To understand proton transfer kinetics within the nanopore, we consider an oxygen atom attached to the Mo-site and consider transfer of proton/deuterium from a H₃O⁺/D₃O⁺ ion inside the pore. AIMD simulations are performed for a H₃O⁺ ion at various distances (d_OO) with an oxygen atom attached to the Mo-site of the nanopore (ESI,† S.1 and Fig. S1(C) left) and for an identical system with hydrogen substituted by deuterium (ESI,† S.1 and Fig. S1(C) right). We calculate the transfer time, defined as the duration between the release of a proton isotope from a hydronium isotope and its subsequent attachment to the oxygen atom bonded to the molybdenum (Mo) atom; it is observed that the H⁺ transfer time is shorter than the D⁺ transfer time (Fig. 4E) because of the higher mobility of H⁺ ions and lower stability of the OH bond. Here, the mobility of each ion plays an important role as once the attached oxygen at Mo-site receives one of the H⁺ or D⁺ ions, it is less likely to accommodate more H⁺/D⁺ ions. This first-come-first-serve mechanism, driven by mobility difference, is reported by Weinrauch et al., where H₂ adsorption can dominate over D₂.⁴⁷ This corresponds to the higher occupancy time of OH attachment than that of OD attachment, shown in Fig. 3C. Higher occupation of OH attachment can be also explained by collision rate theory.⁴⁸ The rate equation in collision theory, r(t) = Zρ exp(−E_a/RT) explains that the reaction frequency is proportional to the collision frequency (Z), steric factor (ρ), and the Boltzmann factor (exp(−E_a/RT)). In this context, the collision frequencies for the hydrogen and deuterium systems are the only difference since hydrogen atoms are lighter than their counterparts, resulting in higher average velocities and increased collision probabilities. Similar phenomenon is observed by Phillips, where the chemical reaction of CH₃⁺ with H₂ is more active than and that of D₂.

Conclusions

We showed that a catalytically active MoS₂ nanopore can effectively separate D₂O and deuterium with a separation ratio of 4.5 and 1.73, respectively. To understand the underlying mechanism, we analyze the dominant molecules comprising the net inflow and their transport mechanisms. D₂O, D-dominant hydronium isotopes, and H⁺ ions constitute the net inflow compared to their isotopic counterparts. Translation-driven inflow mechanism governs the net inflow of water and hydronium isotopes that contain oxygen atoms, and the proton-jumping mechanism governs the net inflow of H⁺ and D⁺ ions. Furthermore, we observed that OH attachment to a Mo-active site is preferred to OD attachment and the attached oxygen atoms are almost stationary, temporarily trapping a hydrogen isotope.

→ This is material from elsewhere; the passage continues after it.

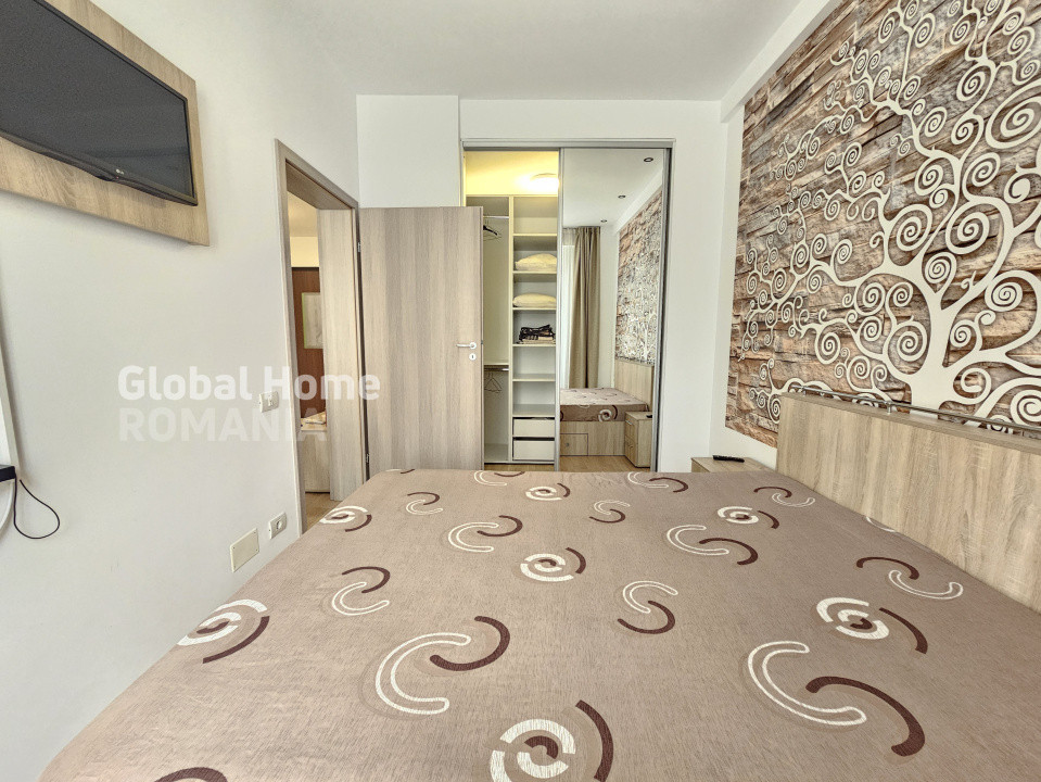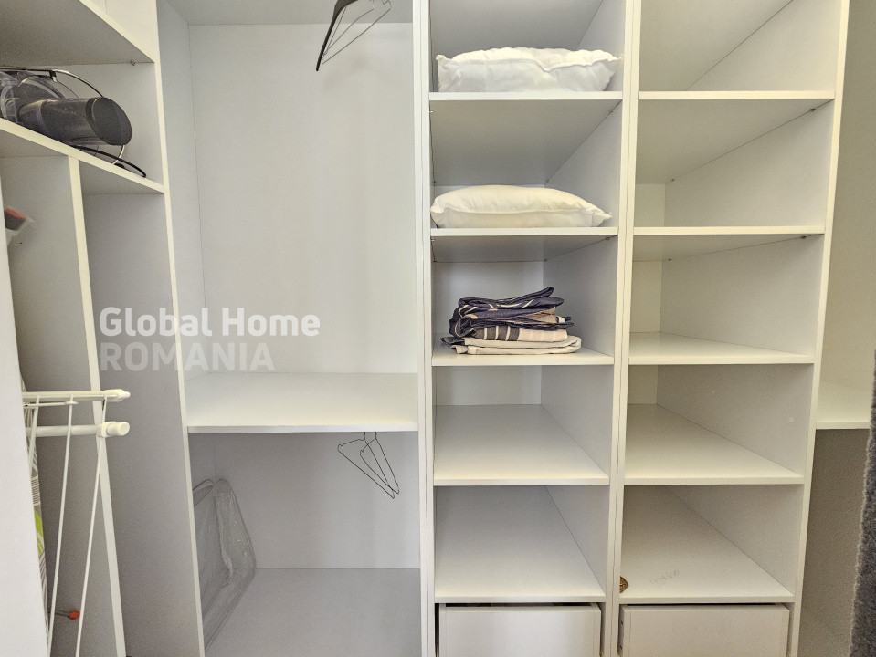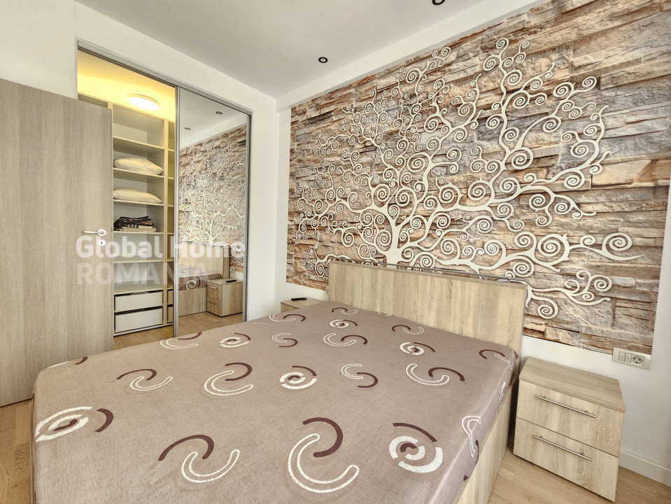 - Dormitor: pat matrimonial, dressing spatios cu usi glisante

To gain physical insights, we analyzed the fluctuation of the force acting on hydrogen isotopes and the fluctuations of OH (OD) bond length, finding that the OH bond is less stable than the OD bond in the pore, while they have nearly identical stability in bulk. A similar tendency is observed in energy analysis: the energy difference between H₂O and D₂O in bulk is negligible, and that in confinement is considerable. These analyses account for the high number of D₂O and D-dominant hydronium ions in the net inflow. The analysis also explains the dominance of H⁺ ions in the net inflow and the preference for OH attachment to Mo atoms. The higher fluctuation in OH bond length increases the chance of proton detachment, and the lower mass of a hydrogen atom causes higher mobility of H⁺ ions. These effects promote more frequent attachment and detachment of proton to an oxygen atom in a hydroxyl group. The separation mechanism and physical interpretation presented here can be exploited for other separation mechanisms.

Author contributions

Conceptualization: Jinu Jeong, Chenxing Liang, and Narayana Aluru. Data curation: Jinu Jeong and Chenxing Liang. Formal analysis: Jinu Jeong. Funding acquisition: Narayana Aluru. Investigation: Jinu Jeong and Chenxing Liang. Methodology: Jinu Jeong, Chenxing Liang, Narayana Aluru. Project administration: Jinu Jeong and Narayana Aluru. Resources: Narayana Aluru. Software: Jinu Jeong and Chenxing Liang. Supervision: Narayana Aluru. Validation: Jinu Jeong. Visualization: Jinu Jeong. Writing – original draft: Jinu Jeong, Chenxing Liang, and Narayana Aluru. Writing – review and editing: Jinu Jeong, Chenxing Liang, and Narayana Aluru.

Data availability

Data for this article, including [description of data types] are available at Open Science Framework at https://osf.io/b2p7y/?view_only=a2d7e5e5916b4ae79bfead328ef9eb8b.

Conflicts of interest

There are no conflicts to declare.

Acknowledgements

The work on water was supported by the Center for Enhanced Nanofluidic Transport (CENT), an Energy Frontier Research Center funded by the U.S. Department of Energy, Office of Science, Basic Energy Sciences under Award No. DE-SC0019112. All other aspects of the work are supported by the National Science Foundation under grants 2140225 and 2137157. The authors also acknowledge the Texas Advanced Computing Center (TACC) at The University of Texas at Austin for providing the computing resources on Stampede2, Frontera, and Lonestar6 under Allocation No. TG-CDA100010, DMR20002, and DMR22008, respectively. Additionally, the authors acknowledge the use of the Illinois Campus Cluster Program (ICCP) in conjunction with the National Center for Supercomputing Applications (NCSA).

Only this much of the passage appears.